- We need to stop treating our husband like he is a child.
This might hit a nerve with some of you, but it happens all too often. I’ve caught myself doing it before. In an effort to bring out the “best” in our husbands, we start mothering them. If we want to bring out the best in our husband, then we need to show him that we RESPECT him…even when he’s not quite worthy of it yet.
I know this seems a bit crazy, but almost every marriage book I have ever read emphasizes the husband’s great need for respect from his wife. Let’s show him that we respect him and see what happens. Just watch how he rises to the occasion. As wives, we have special powers when it comes to this. A husband needs and desires his wife…not another mother.
- We need to SAY what we mean and stop depending on our non-verbal communication.
Most women I know (myself included) struggle with this. We tend to have good intuition, so we expect our husbands to as well. The funny and frustrating thing about it is that 9 times out of 10, they just take us at our word. They aren’t reading into our body language, sighs, or eye rolls. This becomes a HUGE problem when we constantly depend on our non-verbals to do all the “talking”.
Non-verbals should only enhance our words, not take their place. For more on this, be sure to read “The Most Common Mistake Women Make in Marriage”. As married women, we can’t shy away from talking through things…WITH WORDS…even if our husband seems happy to avoid talking. Let’s approach our husbands with love and really share our hearts with them. Intimacy begins with interaction.
- We need to stop placing our children before our husband.
I know this one can be a bit controversial especially when it comes to blended families, but please hear me out. As parents, we are called to love and protect our children with every fiber of our being. The primary way we can do this is by prioritizing our marriage. The greatest gift we can offer our kids isn’t something money can buy; it is a healthy, happy, and loving marriage that they can look to as a good example.
My husband always says that we should have the kind of marriage that makes our kids WANT to get married someday. This doesn’t mean we have to be perfect. It just means that we both choose to love and commit ourselves to fostering a strong marriage. This provides a kind of love and security for our children that will last a lifetime.
If you have a blended family and are navigating this issue, Kristie Carpenter, author of “The Blended Family Mom”, has some great insight and resources.
- We must stop hanging out with friends who devalue or trash talk our husband.

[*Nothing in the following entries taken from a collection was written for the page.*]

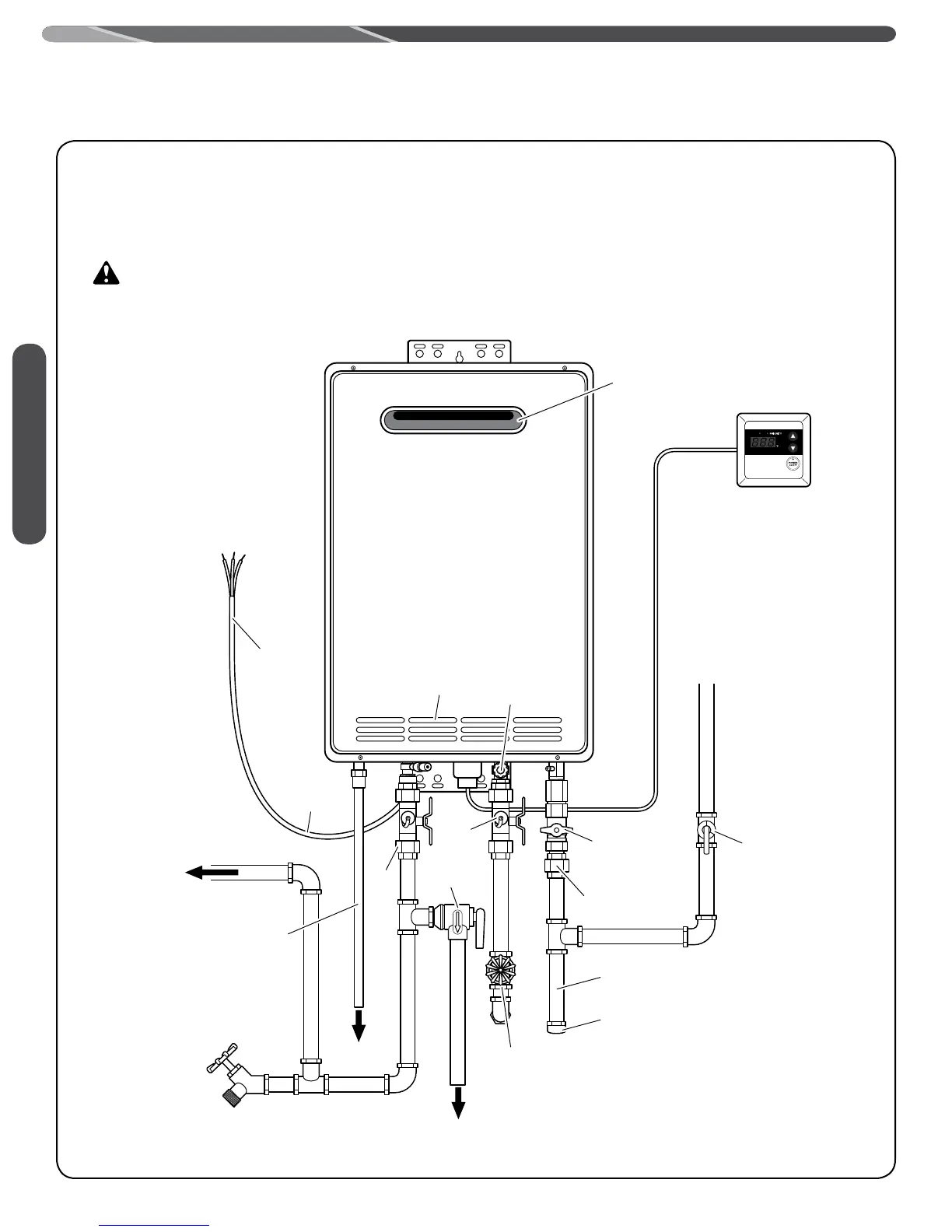 DANGER: DO NOT install this water heater indoors or in an enclosure. It is designed for
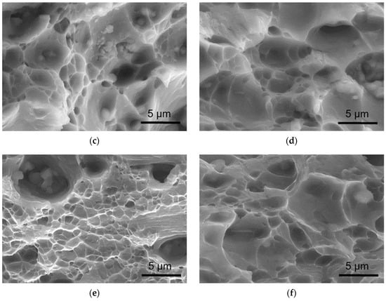Figure 10 shows the fracture surfaces of specimens cut along the 45° (Figure 10a,c,e) and 90° (Figure 10b,d,f) directions relative to the rolling direction. The micrographs were taken at a high magnification (5000×) to comprehensively identify the fine dimple morphology typical of a ductile fracture process resulting from the nucleation, propagation, and coalescence of voids. A combination of very shallow and deeper dimples is a typical type of fracture for aluminium alloys and other metals tested at ambient temperature [30]. The aluminium alloy 2024-T3 was subjected to natural aging, which resulted in the precipitation of homogeneously distributed submicron particles, causing strengthening and acting as initiation points for the creation of very fine dimples on the fracture surfaces (Figure 10c). No clear relationship between fracture morphology and strain rate was observed. Indeed, no noticeable changes were observed in the size or shape of the dimples when the strain rate was increased.
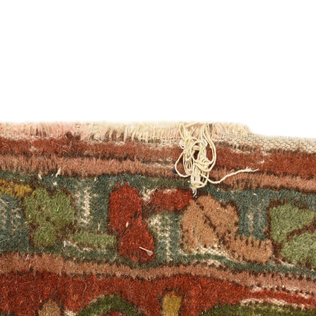 In Very Good condition, with Low Pile, Missing Fringe, Small Spot Damage, Hole. Further details can be seen in the pictures
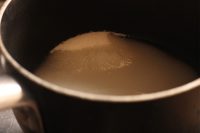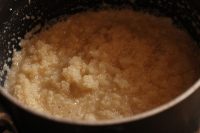 Mettete le mandorle nel tritatutto (4). Azionate il tritatutto e riducete le mandorle in farina finissima. In una padella antiaderente versate lo zucchero. Unite l’acqua (5) allo zucchero nella pentola. Accendete il fuoco e lasciate andare fino a che lo zucchero non si sarà sciolto completamente. Unite il cucchiaio di miele e di estratto di vaniglia. Aggiungete la farina di mandorle (6) e mescolate per bene.

I’ve seen this one mistake lead to divorce right before my eyes. We often become the very company we keep. So, next time you are hanging out with your girlfriends, pay close attention to how they talk about your husband. If it tends to be negative, than I would venture to say that she isn’t a very good friend. In a previous post on the Facebook Marriage Page, I shared this quote,
When we hear our friends cutting down our spouse, we tend to see our spouse in that same negative light. This must stop. Marriage is hard enough without negative friends. For more on this, be sure to check out “4 Things worth Fighting for in Your Marriage”.
If we want to build and maintain stronger marriages, then we have to foster friendships that respect our marriages and the institution of marriage as a whole.
- We need to stop flirting with other men.
This one probably seems like a no-brainer to most of you, and yet it is a BIG problem in many marriages. It may start innocently…you share laughs with a co-worker. Then, you go to lunch…just the two of you. Before you know it, the emails start coming. Then, texts and phone calls. And, then, that man is all you can think about. You start hiding any communication with this person from your husband. Before you know it, you find yourself in a sexual affair.
Friend, we must open our eyes to the truth. No flirting outside of our marriage is good. There is NO such thing as “innocent flirting”. It is the gateway drug to affairs, and it can ruin marriages.
As wives, we will certainly have conversations with other men at the office, church, or out-and-about, but we don’t have to flirt with these other men. We should do our best to never be alone with another man that isn’t our husband or blood relative. Nothing good can come from it.
Whenever we are talking to other men, we need to ask ourselves, “Would I feel comfortable with my husband having this same conversation (that I am having) with another woman?”. If the answer is “No” then we are out of bounds, and we need to end the conversation immediately. This may sound overzealous, but it just might save your marriage.
When we mess with fire, we will get burned. I don’t want any of us to live with a lackluster marriage or feel the pain of an affair. Let’s do all that we can to protect and strengthen our marriages.